We start with a look at Chryst's three classes. Here is his recruiting map for the 2012 Class - his first one. Note that the size of the Pitt logo is indicative of the star a recruit got. A two-star player equals a very small logo while a five-star recruit is denoted by the largest one. You also obviously can't make everything out because of the overlap, but those are the breaks.
And 2013 ...
And lastly, the most recent one of 2014:
Add it up, and here is Chryst's recruiting map for all three of his classes:
We see the usual amount of western Pennsylvania action, which isn't surprising. But the one thing we also see is a pretty wide branching out. Chryst is still remaining in his part of the country, but there's a lot of reaching out to places like New York, New Jersey, Maryland, Michigan, Wisconsin, and Ohio. He's even grabbed kids in places like Virginia, Illinois, Tennessee, Washington, Florida, Delaware, and Connecticut, on occasion.
So with that in mind, here was the Stache's map for his final three classes at Pitt (2008 - 2010):
Wannstedt's entire focus was always putting a fence around western Pennsylvania and keeping the likes of Penn State, West Virginia, and Ohio State out. Sometimes that happened and sometimes it didn't, but his general strategy was pretty clear. The map is heavily saturated in western and eastern Pennsylvania, and while he went into places like Ohio, New Jersey and Maryland, that was really it. Even the Florida pipeline he had earlier in his Pitt career had dried up by that point as the focus went more east. There were the occasional grabs in other states, but Chryst has had that, too.
Another thing to consider is that 2012 for Chryst was kind of a crapshoot. He had little time to work after just being hired and as a result, the majority of that class was from Pennsylvania and Ohio. There's a good chance that once the 2015 class is done that the map will be even more diverse if we replace that initial season.
The thing to watch is if Chryst continues to dig back into his old stomping grounds for kids or if that eventually dries up and he looks closer at eastern PA and takes more kids from the Mid-Atlantic region.
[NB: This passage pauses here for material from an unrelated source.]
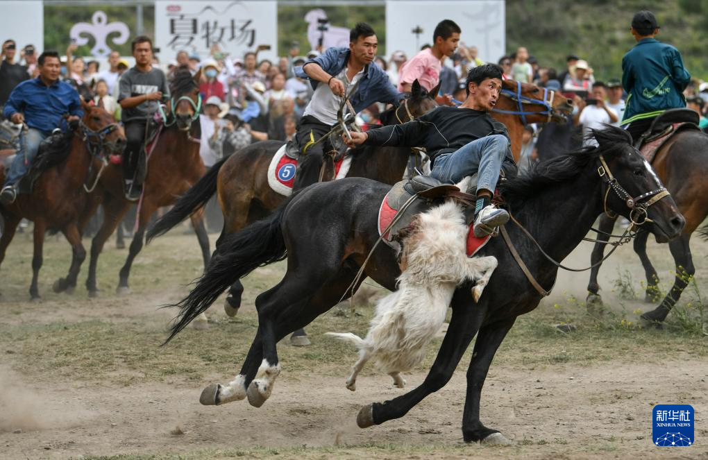 6月15日在“夏牧场·游牧文化旅游节”活动上拍摄的叼羊比赛。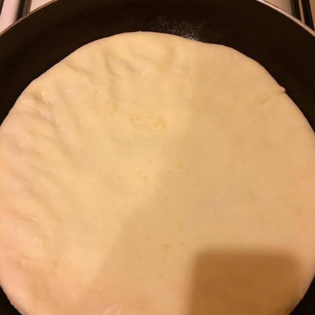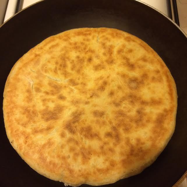 Аккуратно перенести лепешку на сковороду, положить швом вниз и руками распределить по сковороде.

With his long history in Wisconsin and established relationships with the high school coaches there, my guess is that pipeline remains open for quite a while if he wants it.
Most people don't really care all that much where these kids come from. The focus is on just finding the right ones, as it should be. But in case you needed a visual as a reminder that the approaches of Wannstedt and Chryst are vastly different, here it is.